Learning to Drive

As our daughter’s 15th birthday approaches, so does the excitement about the driver’s learner permit. Yes, it’s exciting, but it’s nerve-wracking at the same time.

It’s a lot more difficult to get a driver’s license now than it was when I was a teenager. Our daughter doesn’t even have her permit yet, and we’ve already had to jump through some hoops.

In North Carolina, there are lots of moving parts to getting a learner’s permit. If no one tells you the different steps, it can be rather confusing. I’ve had to ask multiple people a million questions throughout the process, so hopefully, this will help some of you. This has been our process:

  • Register for Driver’s Education at age 14 1/2, if it isn’t offered in your school. (see bottom of page for contact info for three companies)
  • Send in payment for course.
  • Attend course and pass written driver’s ed test.
  • Go to the DMV for the eye test (if the company doesn’t offer it)
  • Schedule the driving portion of Driver’s Ed.
  • Complete the practice driving (six hours) with instructor.
  • Obtain proof of enrollment form from school.
  • Go to DMV on or after 15th birthday for written test and permit…take birth certificate, form from school, completed Driver’s Ed form, and Social Security card.

If I didn’t have friends who reminded me of things to do throughout the process, my poor daughter probably wouldn’t be on her way to getting her permit in a couple of weeks.

She completed the classroom/written test portion of Driver’s Ed the first week of June, getting it out of the way. She had to be 14 1/2 to enroll in the course. We then had to wait till about a month before her birthday to schedule the driving portion of the course.
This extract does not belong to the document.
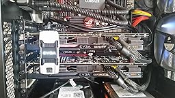 It's exactly what I'd wanted to replace the flimsy ribbon cable connector. Lights up bright. Comes with filters for blue, green or red as well. I have a pair of EVGA 980ti, with space in between for a 3rd, should I want it. I did it this way as I am able to use gen3 x16 in both slots with my EVGA x99 Classified motherboard; and it allows room for the cards to breathe.

She had the first of two three-hour sessions this past Saturday, and she said everything went smoothly.

Anyone who has ridden with a new driver knows it can be nerve-wracking, but the only way to learn is through practice.
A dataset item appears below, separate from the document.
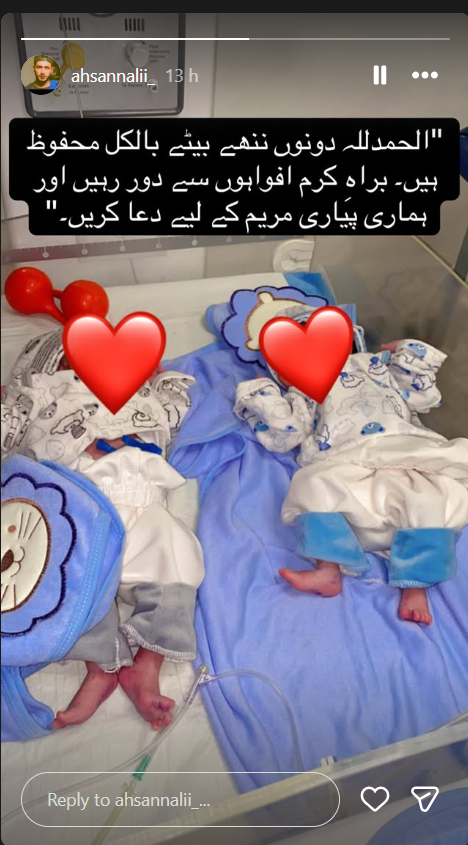 Days after her death, there was misinformation on the state of her newborns. In order to clear up the situation, Ahsan Ali confirmed that Pyari Maryam gave birth to twin boys, and the babies are currently no longer at risk. He assured fans that the children are okay and he did not want them to believe the fake news they saw on the internet.

When the instructor arrived at our house, she told me that she usually stays in the neighborhood for the first two hours, and she never takes anyone on the highway in their first session. I wasn’t worried. I knew our daughter was in good hands, so I was very relaxed while they were gone. Plus, my daughter has practiced driving me around on private roads for months.I knew she would do well driving the instructor in the neighborhood.

When my daughter got home three hours later, she said she thought she had done very well, and she did go on the highway. She said that after they drove around the neighborhood a couple of times, the instructor said she was ready to get out on the open road. First, they practiced some parking skills at a nearby parking lot, and then they got in the interstate! Yikes! I love interstate driving, but some people hate it. I asked my daughter what she thought of it, and she said she liked it. Near the end of the lesson, they drove to pick up the next student driver and came home. She has her next session this weekend.
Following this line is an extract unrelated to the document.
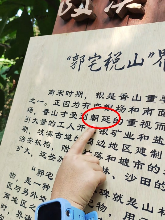 视频画面显示,在中山市岐澳古道,一名小学生站在“郭宅税山”界碑介绍牌前,指出文中有错别字,将“朝廷”写成了“朝延”。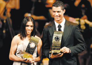 | C罗(右)与世界足球小姐巴西女球星玛塔在领奖台上。 新华社发

I’m excited for her, and nervous for us. I remember when I was learning to drive. It was exciting thinking about the freedom that was coming my way! I’m sure she feels the same way, but first, we have to make sure she knows what she’s doing. We have a year to help her practice to get her prepared.

It was a lot easier when I as a teenager. We took Driver’s Ed at school, and then when we turned 15, we could test for our learner’s permit. That was it. I don’t even think we had to show any proof that we had taken Driver’s Ed. But Driver’s Ed at school was fun. We had driving simulators. They were nothing like real driving, but they were fun!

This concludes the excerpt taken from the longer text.